Another link-template tells you who to query, to get the XRD of p and then d. The template is a simple url-factory.

At no time did we bother to refer to unnamed planet/xrd as ares, mars or nergal (or whatever else the Mayans, say, called it).

If we wanted to talk about mars (and its XRD) in some formal way (in the UN Planetary Authorities formal book of planets), that naming authority might name it and declare it an official planet (and there would duly be a diplomatic tussle between the French and the English whether fr:mars comes before or after en:mars). 
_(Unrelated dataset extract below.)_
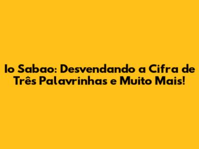Io Sabao: Aprenda A Cifra Da Música Em Detalhes!

At some point, e.g. Pluto, the name registration might disappear, since not all planets stay planets, and the named planet/xrd pluto might therefore lose its spot in the official registry of planet names. If one uses XRDs as the pages of the official book of planets (English registry), then use xrd.subject = "Mars". To satisfy the ancient Babylonians, also disclose in the XRI is official alias="Nerval". If you know what the Mayans named it, also include alias=<somethingMayan>. In the Greek version of the registry, it would probably be subject=Ἀρης (Ares), and alias=Mars alias=nerval.
 
There are lots of reasons to identify an object using an inverse functional relationship (i.e. scopes) - that avoids a direct naming (or direct aliasing). For one: it avoids declaring a "formal authority" and "formal names" (over which folks typically get all political). So, one MAY avoid all that (where appropriate). 


The subject's presence or absence is nothing more than that for me (not that I know what I'm talking about). 












-----Original Message-----
From: SitG Admin [mailto:sysadmin at shadowsinthegarden.com] 
Sent: Saturday, October 24, 2009 8:36 PM
To: Peter Williams
Cc: openid-general at lists.openid.net
Subject: Re: [OpenID] Comment on new Draft host-meta

>The example however speaks for itself and (formal writing issues aside)
>seems obvious and useful.

Now . . . silly question, here, but it's been bugging me for a while, so:

Why can't the XRD file simply *contain*, in some (optional) 
element(s), the very information that would normally be documented in 
whatever page it was pointing at with the Subject field? In other 
words, if it is (implicitly) its *own* Subject, what (other than more 
bandwidth usage) can result in embedding the rules it will abide by?

I'm overstepping my understanding of XR* here, though, and 
speculating on what Subject is there for.